Давиан и существо поспешили прочь из комнаты, как ум юноши был обременён ещё одним вопросом, который он немедленно объявил:
– А что за Директива «Упреждение»?
Форос практически вышел из помещения, и его тело застряло на полпути, но он ответил, необычно изогнувшись, и то, как его голова и позвонок прогнулись в сторону Давиана, напомнило юноше фигуру змея, которые выдал металлическое шипение, в котором угадывается мотив упоения тем, что вырывается из горла, отчего становится как-то не по себе:
– Она предполагает участие оглашённых лиц в ликвидации локального бунта. Все будут убиты своими же товарищами.
После этого Давиан ничего не спрашивал у Фороса, а молча и покорно шёл за ним через общежитие. Ноги иерарха длины и каждый шаг переносит грузное тело на большое расстояние, поэтому Давиану приходится бежать возле партийного лидера, чтобы поспевать за ним.
Они довольно быстро миновали Холл и вышли в коридоры, из которых все захотели убраться, чтобы не стоять на пути великана, который если не задавит, так отпустит пощёчину с такой силой, что переломает кости, да ещё и впишет статью «Противодействие деятелю народной воли».
Через тёмные коридоры и сквозь ещё один Холл киборг и юноша подошли к нужному месту. Это весьма просторное и свободное помещение, с парой десятков дверей у стен, таким же антуражем и мебелью, что и в Холле, где живёт Давиан, только вместо окон здесь большие панели, которые вещают телепередачи, поливающие всё тусклым светом, который усиливается лунно-холодным освещением ламп на потолке.
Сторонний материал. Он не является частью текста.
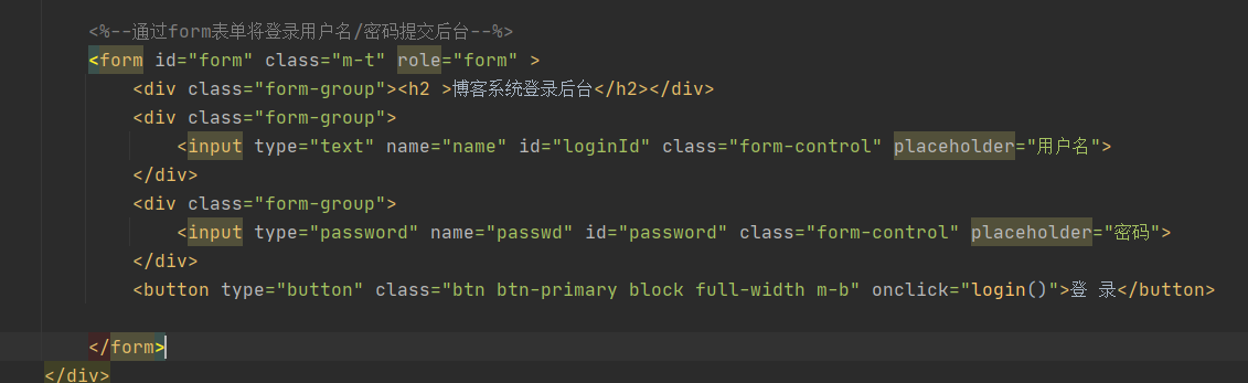 前端页面通过form表单收集用户名以及密码,点击登录按钮后,调转至js中的login()方法进行处理。

«Где я» – глаза Давиана бегают взглядом по кругу, видя, что здесь целое столпотворение людей в одинаковой форме – кожаные чёрные куртки обтянули стройные тела, да брюки, которые прикрывают туфли. Руки каждого человека держат по ружью, отдающего прообразом двустволки, только стрельба ведётся отнюдь не свинцовой дробью, а смертоносными лучами энергии. По углам, у ещё одного коридора, приложившись плечами к холодному бетону, стоят по два человека готовясь применить оружие в любой момент, чтобы усмирить мятежников. В лике каждого из воинов можно увидеть то ли безразличие к происходящему, то ли усталость, а может, они и не могут выдать другой эмоции, нежели полное равнодушие к бунту.
– Где мы? – вопросил Давиан.
– Это Холл №19. Отправная точка подавления выступления.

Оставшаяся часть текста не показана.